The McDermotts are also growing a perennial wheat called kerns, which is a cleaner grain that doesn’t require tilling because it comes up every year.

While still planning the brewery, which received Moreau Planning Board approval in early 2019, McDermott reached out to Christian Weber, who co-owns Common Roots Brewery in South Glens Falls.

“Beer is not my core competency. Growing grain is my core competency. That’s what makes this partnership so intriguing,” she said. “Christian and Bert’s core competency is brewing and running breweries…I didn’t go looking for partners. I needed someone to tell me we can do this.”

Not only did the Webers tell her she could do this, they offered to be investors in the brewery.

“It made financing much easier, having them involved,” McDermott said. “It brings legitimacy.”

The Webers are helping with recipe development, purchasing power for things like kegs and cans, and possibly future distribution through their network.
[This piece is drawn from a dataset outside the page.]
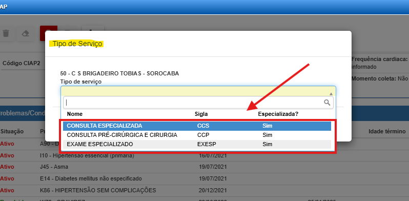 Clicando no botão de Solicitação de Procedimento de Serviço, um pop-up aparecerá na sua tela para que você informe qual o tipo de serviço a qual estará encaminhando o paciente.

Getting that audience out of the gate is huge. They have been really helpful in steering us in the right direction.”

Christian Weber told FoothillsBusinessDaily.com that he and his father are always looking for investment opportunities, and they believe in what the McDermotts are doing.

“It’s a complementary business, but we believe a rising tide floats all boats,” he said. “We’re thrilled to be investors and business partners in Dancing Grain.”

He emphasized that they were investing as individuals, not as Common Roots Brewery.

As the farm brewery prepares to open in a few weeks, McDermott

“We want people to feel like they are a part of the farm,” she said. “We will have walking paths with signs with QR codes so visitors can learn about the crops we are growing. And we will have a you-pick flower patch!”